Блу ответила, что то сомнительное восхищение, которое вызывал в нем ее брат, никогда не было взаимным. Механика сердца Глюка заржавела на много лет раньше. В ней осталась одна пружина, и это было вовсе не чувство дружбы. И не сыновняя преданность. И даже не любовь. Нет, Глюк питал к Сиду всего лишь смутную доброжелательность, которую при первой же оказии сдал. Он его использовал. Он использовал все и всех, но сам служил одной-единственной цели.
— Какой? — спросил Сид.
— Мне, — ответила Блу.
И тут глазам Сида явилось чудо: слеза в глазу Блу Смит. Он попросил ее рассказать еще, — она отказалась. Она хочет, чтобы он просто оставил эту тему. В комнате установилась тишина — но отнюдь не мир. Сид огляделся: пустые бутылки, измятая одежда на полу. Застывшая в категорическом отказе Блу. Влажные простыни сползли с кровати, открылся пестревший разводами матрас. Беззвучный экран с рекламой про усыновление детей «под ключ». Сид встал и распахнул окна. Он подставил лицо горячему ветру. На востоке пожар утих, теперь оттуда шла только волна жара и черный дым, уходящий завитками в небо. Ветер, должно быть, дул с той стороны: Сид чувствовал запах гари. Было четыре часа утра, галогенные фонари прикручены до состояния маячков, а экраны приостановили вещание.

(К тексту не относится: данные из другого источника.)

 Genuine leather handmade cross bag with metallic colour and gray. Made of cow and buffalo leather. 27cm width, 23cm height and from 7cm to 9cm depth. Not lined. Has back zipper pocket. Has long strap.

Только краски «Светлого мира» резко выделялись в ночи.
Сид выплеснул содержимое стакана в окно. Направился в ванную, проигнорировав Блу и ее соблазнительную позу. Наполнил стакан водой из-под крана и бросил три таблетки аспирина. Добавил кортизоны и легальные амфетамины. С непривычки простая вода показалась на вкус странной. Избегая смотреть на собственное отражение, он влез под душ. Простоял пять минут под ледяной струей, пока мысли не прочистило. Когда он вышел, то смог наконец взглянуть на себя в зеркало. Книгу спалили, и разгадка смерти Глюка обратилась в пепел. Но книга еще не все. Не можешь узнать почему — хотя бы он узнай как.

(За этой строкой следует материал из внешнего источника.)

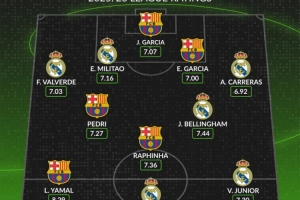 體育資訊1月11日訊 皇馬和巴薩將在本輪西超杯狹路相逢,whoscored也統(tǒng)計了兩隊本賽季西甲評分合體最佳陣,亞馬爾、姆巴佩領(lǐng)銜。
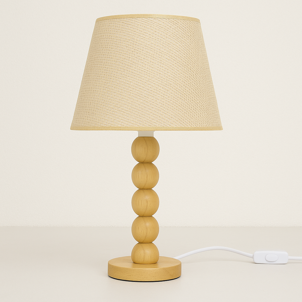 Wooden Table Lamp with Woven Fabric Shade | Bedside & Living Room Light
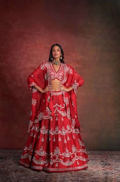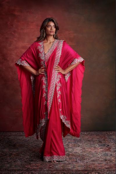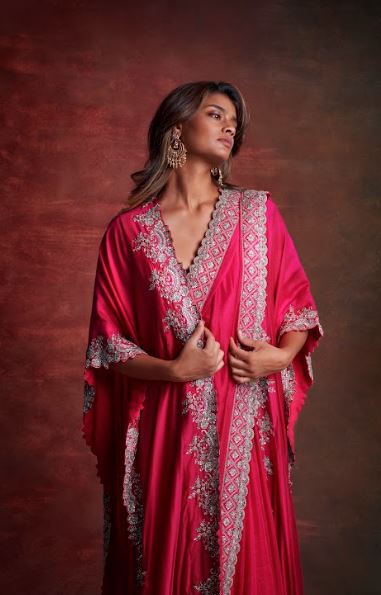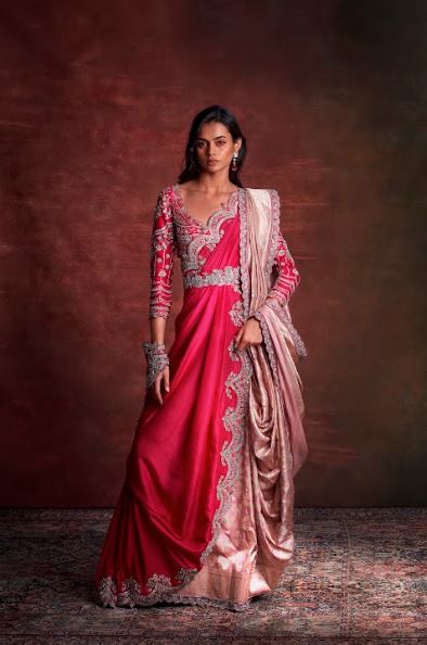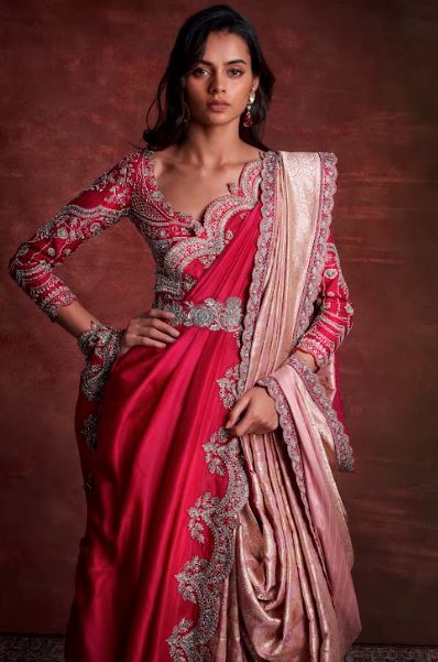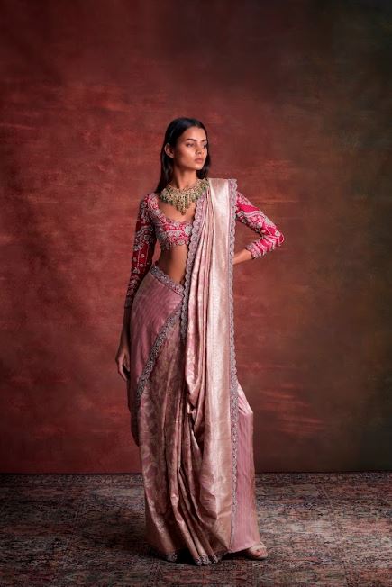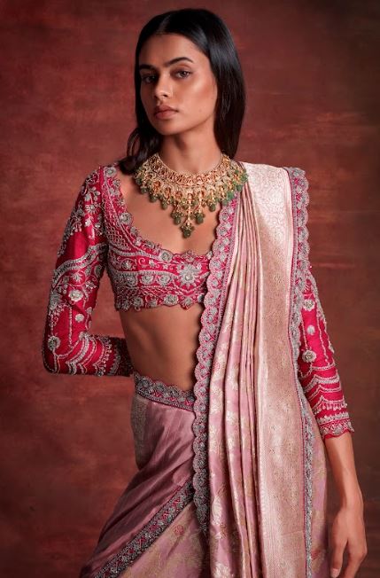 Pink & Peach Banarasi Silk Embroidered Saree Set
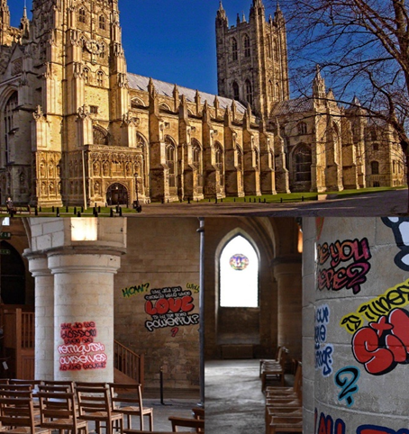 “Canterbury Cathedral, a sixth-century English church—making it more than 1,400 years old—has gotten a paint job…in graffiti. And as it turns out, this act of vandalism wasn’t an act of street delinquency, it was actually commissioned by the church’s stewards. . ..”

Пришло время снова пуститься в погоню.
Все было написано черным по белому на экране телефона.
И уже двое суток висело между Инфокриминалом и его почтовым ящиком. А еще дольше — в подводной части его мозга, все это время крутившегося вхолостую из-за предвзятого подхода.
Он чувствовал. Он знал.
Кретин. Слепец. Трус.
Он отвергал не просто подозрение. Он отвергал очевидность. Выбирая между жизнью и истиной, он выбрал истину. Он предпочел поставить жизнь под удар, но рыть дальше ход неизвестно к чему, на пути с ложными указателями, со стрелками прямиком в смерть.
Выбирая между истиной и Глюком, он выбрал Глюка.
Все было написано черным по белому на экране общественного телефона.
Результат поиска занимал несколько страниц.
10/03/20 — Пожар в «Инносенс». Дело закрыто.
18/11/31 — Бегство с места преступления, Смит Чарльз, см. Ордер и розыск. Закрыто. п° MR31802 10/03/20 — Перестрелка на Кэнон-авеню, см. Убийство с применением огнестрельного оружия, убийство одного или более лиц. Не раскрыто. п° КРИМ 20321
1/04/20 — Двойное убийство — Смит Томас и Смит Серенити, см. Убийство с применением огнестрельного оружия. Не раскрыто. п° КРИМ 20568
Сид бежал по пустынным коридорам «Пандемонии» и пытался перевести внезапную догадку в русло логики. Но, сгорая от желания знать, он все же искал оправдание своим заблуждениям. Охрана информации сбила всех с толку. Охрана информации замешана в обоих делах. Она замяла дело «Инносенс» и десять лет спустя устроила этот жуткий спектакль вокруг смерти Глюка. Два неудобных дела, две явные попытки замять. Но там, где Сид каждый раз видел в Глюке жертву, теперь со всей очевидностью выходило, что он и есть преступник. Настоящий преступник.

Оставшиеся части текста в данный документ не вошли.